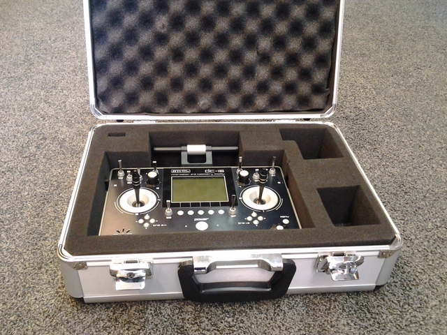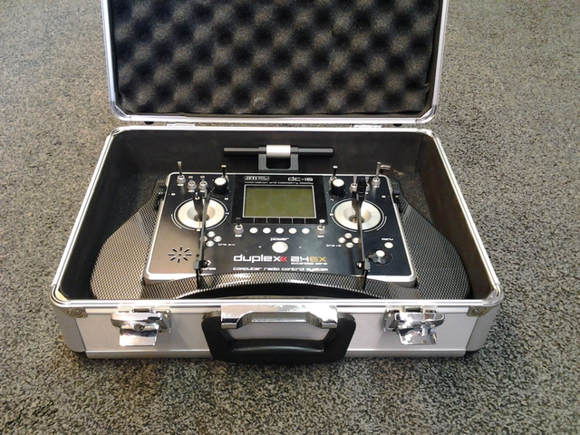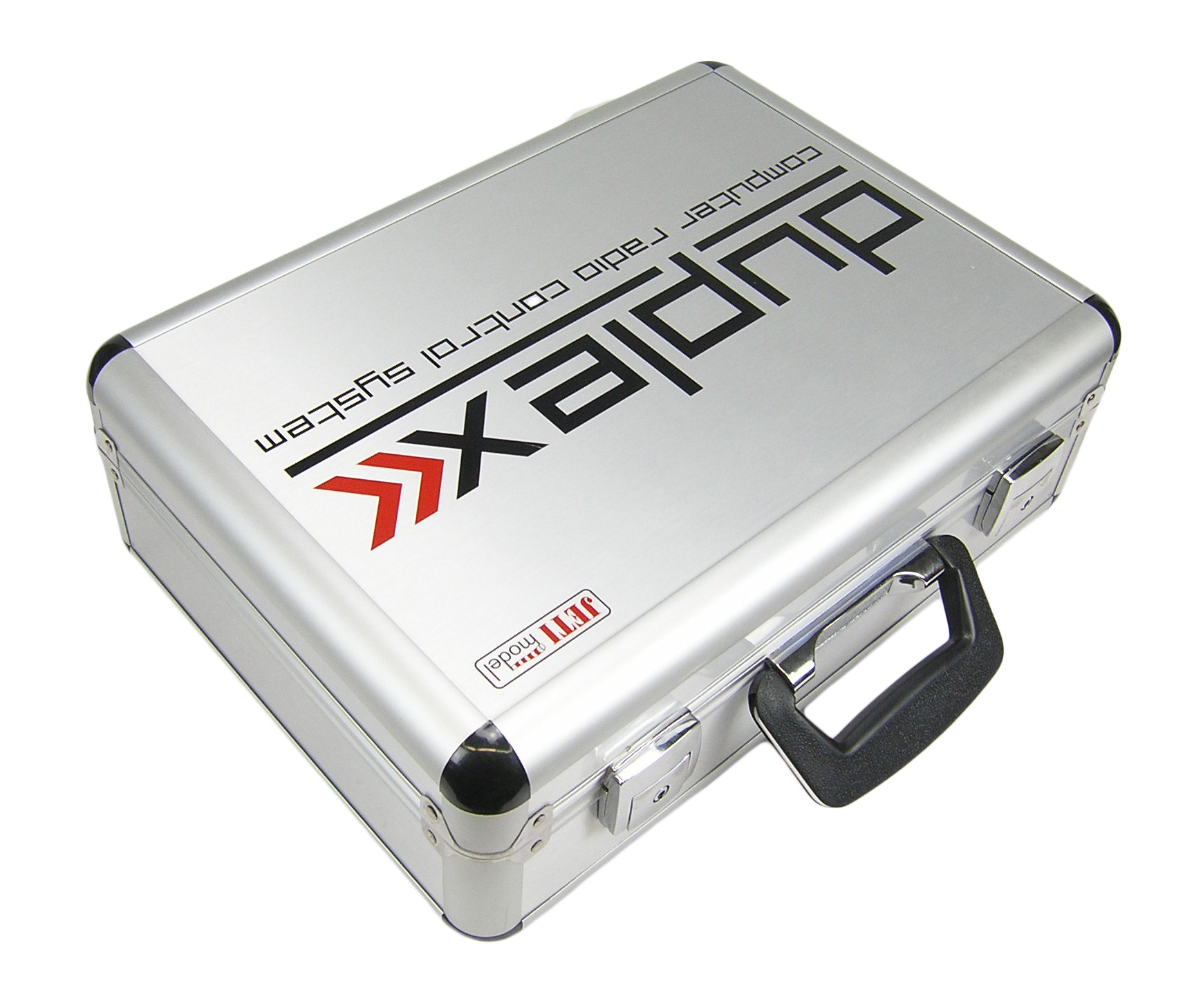 Senderkoffer aus Aluminium, bedruckt mit Jeti-Duplex Logo und abgestimmt auf JETI Pultsender
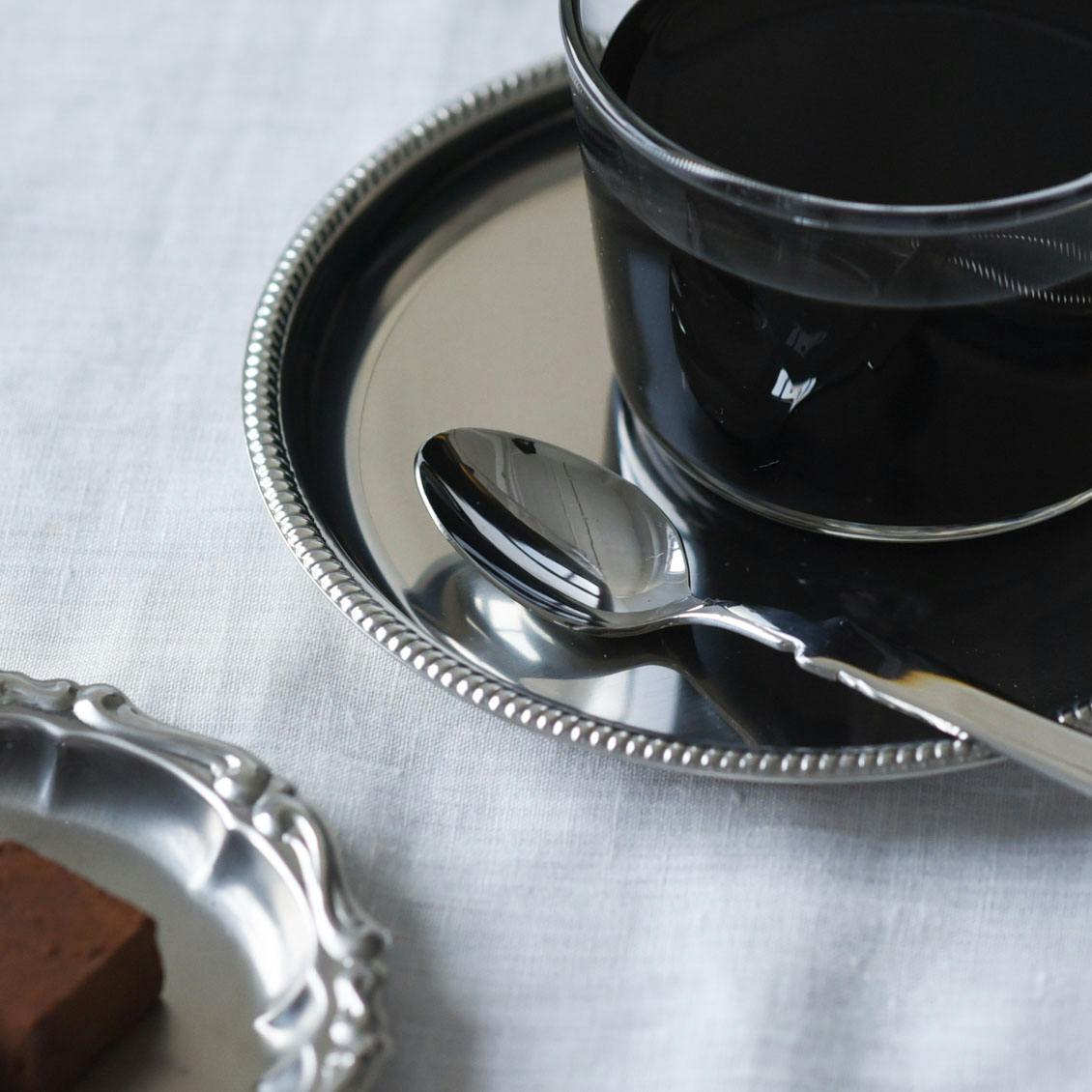 スプーンは、ティースプーンやデザートスプーンとして使える大きさ。持ち手の厚さは1mmととても薄いですが、緩やかにカーブして持ちやすいです。
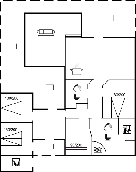 Til huset hører dejlige terrassearealer med gode læmuligheder, og indvendigt er huset indrettet lyst og moderne med opholdsstuen liggende i forskudt plan. Ét soveværelse er med adgang via terrassen.
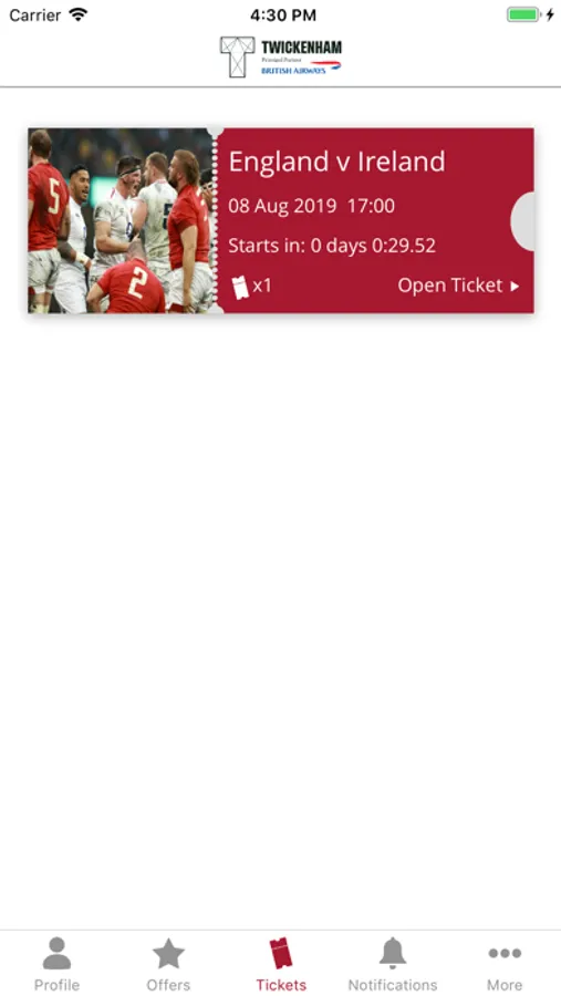 Your tickets are delivered instantly into your Twickenham Stadium App.
----
* _Exercise requirements_:
An acceptable answer consists of the lines above from the one holding "スプーンは、ティースプーンや" to the end of the data, repeated exactly and containing no pictures.

* _Task answer_:
 スプーンは、ティースプーンやデザートスプーンとして使える大きさ。持ち手の厚さは1mmととても薄いですが、緩やかにカーブして持ちやすいです。
 Til huset hører dejlige terrassearealer med gode læmuligheder, og indvendigt er huset indrettet lyst og moderne med opholdsstuen liggende i forskudt plan. Ét soveværelse er med adgang via terrassen.
 Your tickets are delivered instantly into your Twickenham Stadium App.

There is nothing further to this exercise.